I see an IgNobel Prize and a truly beautiful acceptance speech.
all existing and possible sentences
Now, now, do even you not see the true power of SUG? Indeed it seems to be a strongly parsimonious possibility that all sentences are mere reflections of the One Universal Sentence, from which currently unnecessary parts are subtracted upon production.
Now witness… the power… of this fully armed…
“firepower,” actually
Oh. Well, I’m done here, beam me up, Scotty.
Strunk and White (“Omit needless words
and White are needless words. It’s a book title but White was merely repeating Strunk’s opinions to a larger audience. In future I’m going to cite everything but the foreword as Strunk. For the foreword I will leave White and strike Strunk.
That turns out not to be the case. Strunk is one thing, Strunk and White quite another (Strunk has, rightly, nothing to say about which vs. that). Strunk and Cowan is a very different matter. Here’s Strunk (1918), then S & C (2004-06), from the section on usage:
And here, to return to your point, are the two versions of point 13:
I like mine better, but then I would, wouldn’t I.
I can think of a good many compelling reasons for including “unnecessary” parts in a machine; just as redundancy is in point of fact an essential part of any actual functioning real-world language.
I suppose it’s not really the fault of Strunk (at any rate) if what he reasonably enough presents as mere stylistic prejudices have been misinterpreted as grammatical rules by supine seekers after “authority.”
It rather looks as if E B White may have been the major villain of the piece (which is distressing.)
You would, and you’ve left yourself open to my omitting many needless words, John, if not whole paragraphs. I’ll just start at the beginning, after the introductions:
This seems absurdly bureaucratic guidance. Who the fuck wants to remember special rules for ancient names in -es and -is – this isn’t Latin, it’s contemporary English. If I want to write Jesus’s umbrella I’ll do so. “Are commonly replaced by” is simply untrue and who says the problem ought to be dodged by turning the words round and using ‘of’? That’s cowardly. What happens if it’s impossible? Is it really common to write the Peloponnesian War of Thucydides? I’d say and write Thucydides’ History of the Peloponnesian War. I’d write Plutarch’s Lives and Moses’ laws. I’m not writing the laws of Moses just because Moses ends in -es.

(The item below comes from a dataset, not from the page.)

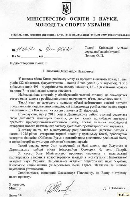 "Учитывая то, что в следующем году запланированы государственные мероприятия по случаю 1025-летия создания первой школы в древнем Киеве, предлагаем создать гимназию "Киевская Русь" с углубленным изучением русского языка, а также истории и культуры славянских народов", - говорится в письме.

I can think of a good many compelling reasons for including “unnecessary” parts in a machine; just as redundancy is in point of fact an essential part of any actual functioning real-world language.
Well, of course if redundancy is necessary, it is ipso facto not unnecessary. Triple redundancy may in some cases be necessary. I cannot imagine when hundredfold redundancy would be.

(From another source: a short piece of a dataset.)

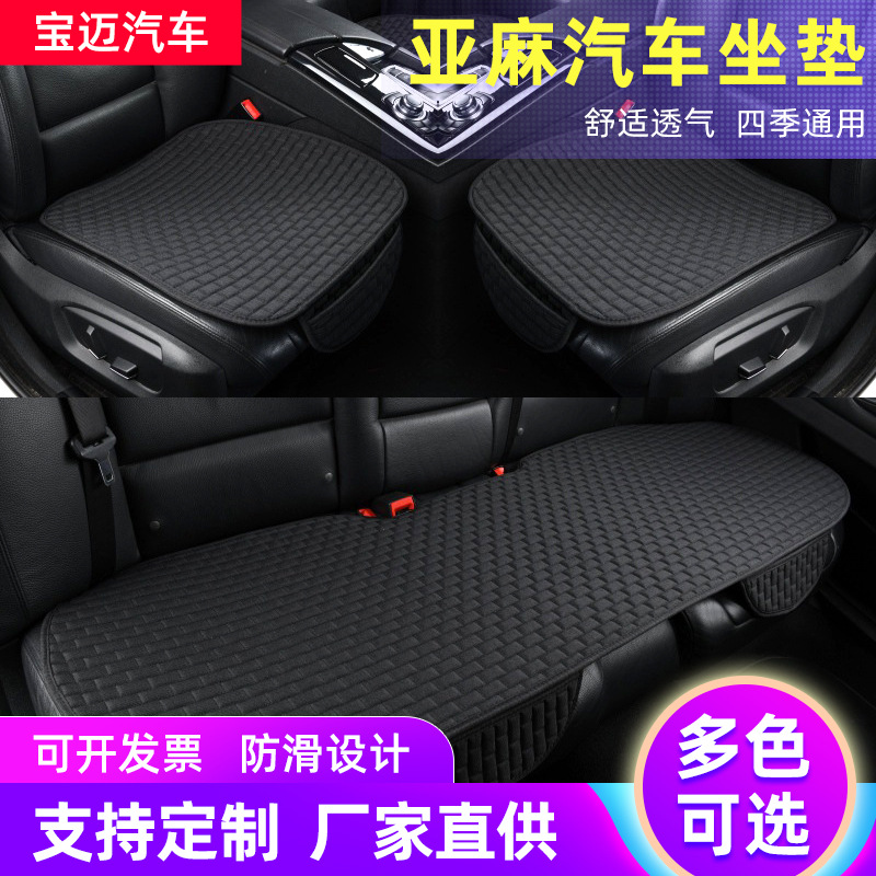 Bantal kursi mobil pabrik, empat musim universal, lima kursi linen, tiga potong, bernapas, anti-selip, sarung kursi mobil tanpa sandaran

The above reminds me of Mark Liberman’s unpacking of the door-sign AUTHORIZED PERSONNEL ONLY as “Those who are not authorized to go through this door are not authorized to go through this door.” (Perhaps he would accept the chair of Professor of Redundancy Professor of the Department of Redundancy Department Professor.)
While I am at it, LL on needless words. Lots of Hattics in the comments, of course.

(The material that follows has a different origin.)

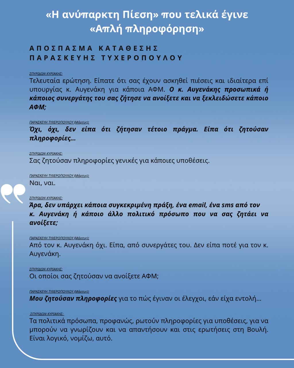 ΠΑΡΑΣΚΕΥΗ ΤΥΧΕΡΟΠΟΥΛΟΥ (Μάρτυς): … μου προωθούσαν αιτήματα πολιτών, που ήταν όμως τα δεσμευμένα ΑΦΜ…

what he reasonably enough presents as mere stylistic prejudices have been misinterpreted
Alas, no. A man who insists on forcible instead of forceful (“most forcible Feeble”, quoth the Bard) and complains to the Cornell Alumni News of student body and then orders it replaced forthwith with his own coinage studentry, is indeed indulging a mere stylistic prejudice, but you’d never get him to agree. (I’m glad to see that Wikt characterizes forcible ‘(physically) forceful’ as “rare or obsolete”, unlike the senses ‘by force’, which is still current.
after the introductions
Do read them, Strunk’s and mine. They will show you that you are not the target audience for either work.
Update: S & W online, doubtless unauthorized.
Triple redundancy may in some cases be necessary
One of the many joys of Rendezvous with Rama.
(How wise Clarke was never to write a sequel. That would only have spoiled it.)
@David Eddyshaw
I tend to like supines.
@John Cowan
I like mine better,
It’s longer and harder to read. Only the orator thinks that throwing in more and more will keep his audience spellbound. (Not ‘their’ because I suspect this is a masculine failing).
I tend to like supines.
Hmph. Facile dictu, difficile factu.
Wow… just… wow.
It’s longer and harder to read
It’s longer because it has more content. The Sixth Commandment is four words in English. The Tenth is 33 words.
How wise Clarke was never to write a sequel
I’m sure he took his cut of the profits from Mr. Lee’s efforts, however.
—Lorenzo Smythe in Double Star
Well, evidently so.
Wow… just… wow.
For me, the weirdness of this “argument” is that it seems to work just as well for any other irregular plural. If of “six geese” five went away, how many “geese” would be left?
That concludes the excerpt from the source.